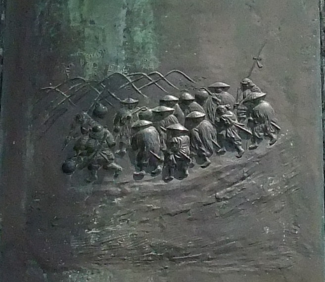 七卿西竄碑には、蓑笠をまとった公家とこれを警護する甲冑の武士の一団が、提灯をたよりに夜道を歩く様子が描かれている。このレリーフの原図は、七卿落ちの一人、沢宣嘉が明治5年に描いた「七卿落図」である。現在、萩博物館が所蔵している。
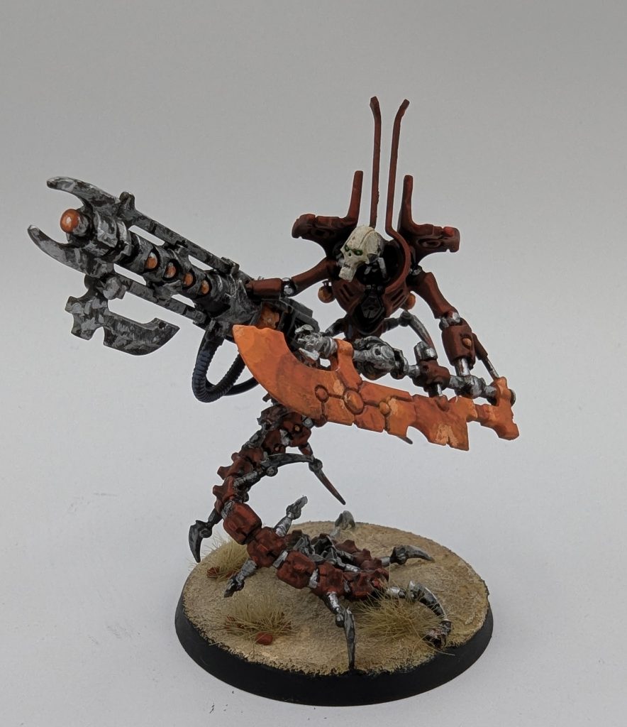 Norman: Those who’ve been listening to our Patron only podcast HAMs Radio will know I’ve been working hard on a heavily converted destroyer/flayed one focused Necron force for this year. So naturally when I saw these rules I knew I was absolutely going to build an Ophydian Lord. for the kitbash its a combination of the Geomancer kit, a gun from the Heavy Lokhust Destroyer kit to represent either a Gauss Destructor or Enmitic Exterminator, and the Reaper Phase Blade from the Skhorpek kit to represent a Hyperphase Harvester or Voidscythe if I’m feeling particularly sweaty. The head is just a random warrior head, but that’s kind of how all the destroyers are. For his ability I gave him United in Destruction, because he’s a destroyer obviously and loves that sort of thing. All that said, meet Lor’tak, the Flensing King.
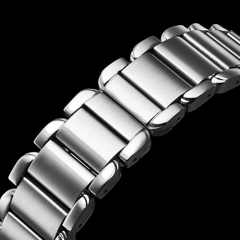 深く美しいネイビーのダイヤルと、マットとポリッシュの3連ブレスレットが織りなすエレガンス。
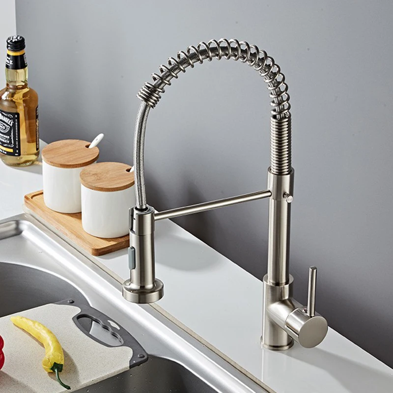 Matte Pull Down Kitchen Faucet Chrome Dual Modes Nozzle Hot Cold Water Mixer Crane Tap Brass Spring Kitchen Sink Faucets
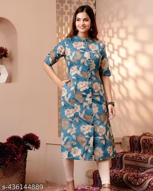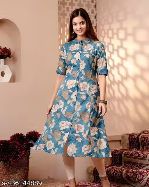 BEUTIFUL A-LINE FLOWER PRINT KURTI WITH SHOW BUTTON FROM THE GREAT WISH BRAND,Kurti For Women, womens kurta it is light in weight and will be soft against your skin. Its unique design and beautiful colour wil
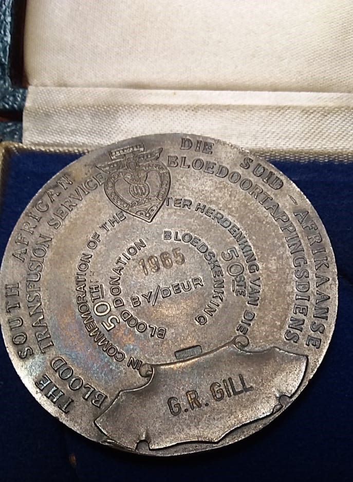 Silver Medal from the South African Blood Transfusion Service Awarded to Gordon Ronald Gill for his 50th Blood Donation - Artists Personal Memento
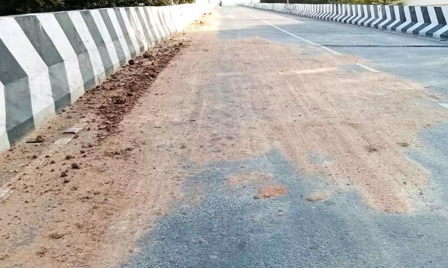 மேம்பாலத்தில் டிப்பர் லாரிகளால் சிதறி கிடக்கும் கற்கள்-மண் துகள்களின் காட்சி.
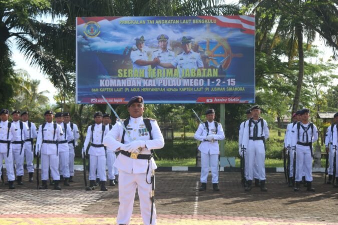MataDian.Com, Bengkulu – Komandan Pangkalan TNI Angkatan Laut Bengkulu Letkol Laut (P) Nyoman Gede Pradnyana A.S memimpin upacara serah terima jabatan (sertijab) Komandan KAL Pulau Mego I .- 2 – 15, di lapangan apel Mako Lanal Bengkulu Jl. RE Martadinata No. 10 Pulau Baai Kota Bengkulu , Rabu (30/11/2022).
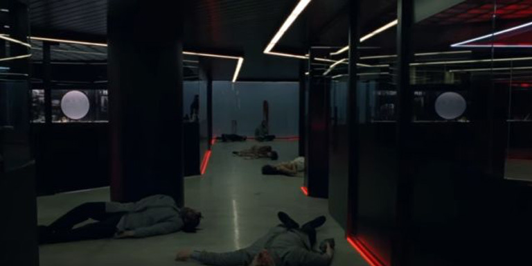Maeve, cesetlerle dolu odada silah tutuyor.

* * * * *

Omit every image. Quote each record exactly.

 七卿西竄碑には、蓑笠をまとった公家とこれを警護する甲冑の武士の一団が、提灯をたよりに夜道を歩く様子が描かれている。このレリーフの原図は、七卿落ちの一人、沢宣嘉が明治5年に描いた「七卿落図」である。現在、萩博物館が所蔵している。
 Norman: Those who’ve been listening to our Patron only podcast HAMs Radio will know I’ve been working hard on a heavily converted destroyer/flayed one focused Necron force for this year. So naturally when I saw these rules I knew I was absolutely going to build an Ophydian Lord. for the kitbash its a combination of the Geomancer kit, a gun from the Heavy Lokhust Destroyer kit to represent either a Gauss Destructor or Enmitic Exterminator, and the Reaper Phase Blade from the Skhorpek kit to represent a Hyperphase Harvester or Voidscythe if I’m feeling particularly sweaty. The head is just a random warrior head, but that’s kind of how all the destroyers are. For his ability I gave him United in Destruction, because he’s a destroyer obviously and loves that sort of thing. All that said, meet Lor’tak, the Flensing King.
 深く美しいネイビーのダイヤルと、マットとポリッシュの3連ブレスレットが織りなすエレガンス。
 Matte Pull Down Kitchen Faucet Chrome Dual Modes Nozzle Hot Cold Water Mixer Crane Tap Brass Spring Kitchen Sink Faucets
 BEUTIFUL A-LINE FLOWER PRINT KURTI WITH SHOW BUTTON FROM THE GREAT WISH BRAND,Kurti For Women, womens kurta it is light in weight and will be soft against your skin. Its unique design and beautiful colour wil
 Silver Medal from the South African Blood Transfusion Service Awarded to Gordon Ronald Gill for his 50th Blood Donation - Artists Personal Memento
 மேம்பாலத்தில் டிப்பர் லாரிகளால் சிதறி கிடக்கும் கற்கள்-மண் துகள்களின் காட்சி.
MataDian.Com, Bengkulu – Komandan Pangkalan TNI Angkatan Laut Bengkulu Letkol Laut (P) Nyoman Gede Pradnyana A.S memimpin upacara serah terima jabatan (sertijab) Komandan KAL Pulau Mego I .- 2 – 15, di lapangan apel Mako Lanal Bengkulu Jl. RE Martadinata No. 10 Pulau Baai Kota Bengkulu , Rabu (30/11/2022).
Maeve, cesetlerle dolu odada silah tutuyor.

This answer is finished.